Огонь над песками. Повесть о Павле Полторацком
Шрифт:
— Разумеется! — произнес он даже с гордостью, словно иначе и быть не могло, и другой, менее достойный человек в его доме никогда бы не поселился.
Они теперь, про себя невесело усмехнувшись, подумал Полторацкий, ждут от него твердого обещания непременно заняться и Михаила Артемьева от расстрела спасти. Он ей брат, у нее сердце разрывается, а Николай Евграфович по доброте своей ей сострадает. Но сразу же и с изумлением отметил Полторацкий, что и ему больно видеть, как дрожит и морщится ее подбородок, как наполняются слезами глаза и как приобретает умоляюще-скорбное выражение ее лицо. Вообще, была какая-то удивительная, почти пугающая странность в том, что лицо Аглаиды, в едва заметной россыпи веснушек, особенно глаза ее с их ясным светом доброты, строгости и печали, казались ему несомненно, до жаркого стеснения в груди знакомыми, очень близко знакомыми, словно давным-давно, может быть, с самого рождепня, наделен он был знанием об этой женщине и предчувствием непременной встречи с ней. Она сама отыскала путь к нему, не вполне, правда, по собственной воле, но ведь пришла, сидит сейчас подле него, и он волен смотреть на нее, с каждым взглядом все крепче утверждаясь во внезапной своей догадке, что ее-то и ждал, что обвалы и потрясения времени не заглушили в нем тайной надежды, хотя наружно давно уже махнул он рукой: не суждено, знать! Он помрачнел. Брат ее — белая гвардия, враг, это ясно. Быть не может, чтобы похож он был на нее. Он вместе с Калягиным (их целая группа была: восемь человек) оружие поставлял туркестанской контре… Не их ли винтовочки в Асхабаде постреливали? В сей же миг опять возник перед ним Андрей Фролов и темным пристальным взором, хмуря тонкие брови, на него взглянул как бы несколько свысока,
Он перевел дыхание и, прикрыв глаза ладонью, проговорил медденпо:
— Я с этим делом знаком немного… Трибунал разобрался… решил. Там все доказано. Мне ваше горе понятно, я вам сочувствую… но вмешательство мое бессмысленно. Да я и вправе себя не считаю вмешиваться…
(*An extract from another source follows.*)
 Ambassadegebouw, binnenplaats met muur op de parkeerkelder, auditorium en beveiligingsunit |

— Павел Герасимович! — потрясенно вскрикнул Савваитов. — Тут ошибка, явная ошибка, она жизни будет стоить! Вы должны… обязаны… вы полное право имеете вметаться и поправить, пока не поздно! Как! — с неожиданной резвостью поднялся он со стула. — В ваших возможностях спасти человека, восстановить справедливость, в вы предпочитаете умыть руки… Мне старость моя не позволяет фальшивить, и я скажу, что у меня о вас иное мнение было, Павел Герасимович!
Полторацкий поморщился. Немного значило для него сейчас мнение Савваитова. Неизмеримо важнее было то, что он знал совершенно точно — эта его встреча с Аглаидой первая и последняя. А Николаю Евграфовичу ответил:
— Поменьше горячности, побольше рассудка. Тут сразу два преступления — против человека и против республики…
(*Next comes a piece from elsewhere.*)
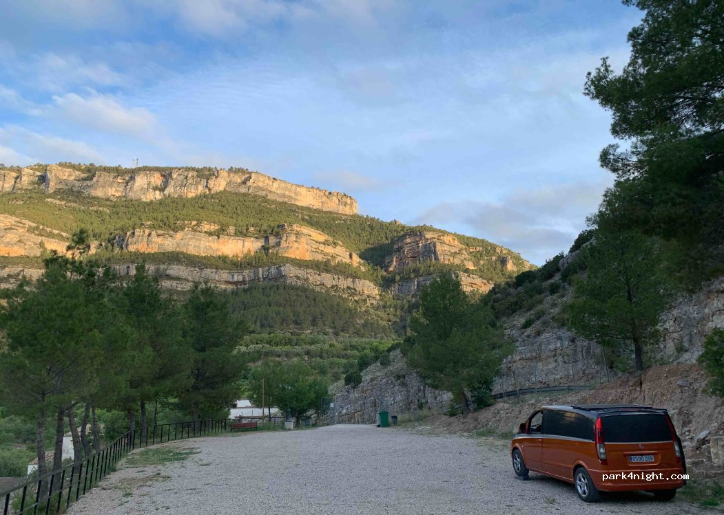 Free parking for motorhomes very close to the town, fenced, with drinking water and litter bins. Beautiful place starting point of hiking and river routes

— Мой брат, — едва выговорила Аглаида, — не совершал преступлений… он не преступник…
Она быстро бледнела, веснушки на ее лице делались заметней.
— Я воды принесу! — шагнул было к двери Савваитов, но она остановила его, окрепшим голосом сказав:
— Не волнуйтесь, Николай Евграфович, я в обморок падать не собираюсь. Мне только стыдно… перед самой собой, перед мамой, перед братом моим стыдно, что я пусть даже на секунду самую крошечную поверить смогла, будто у этих людей есть понятия о добре, справедливости и милосердии…
— Но ведь вы, Аглаида Ермолаевна, именно ко мне… одному из этих людей… и пришли за справедливостью и добром…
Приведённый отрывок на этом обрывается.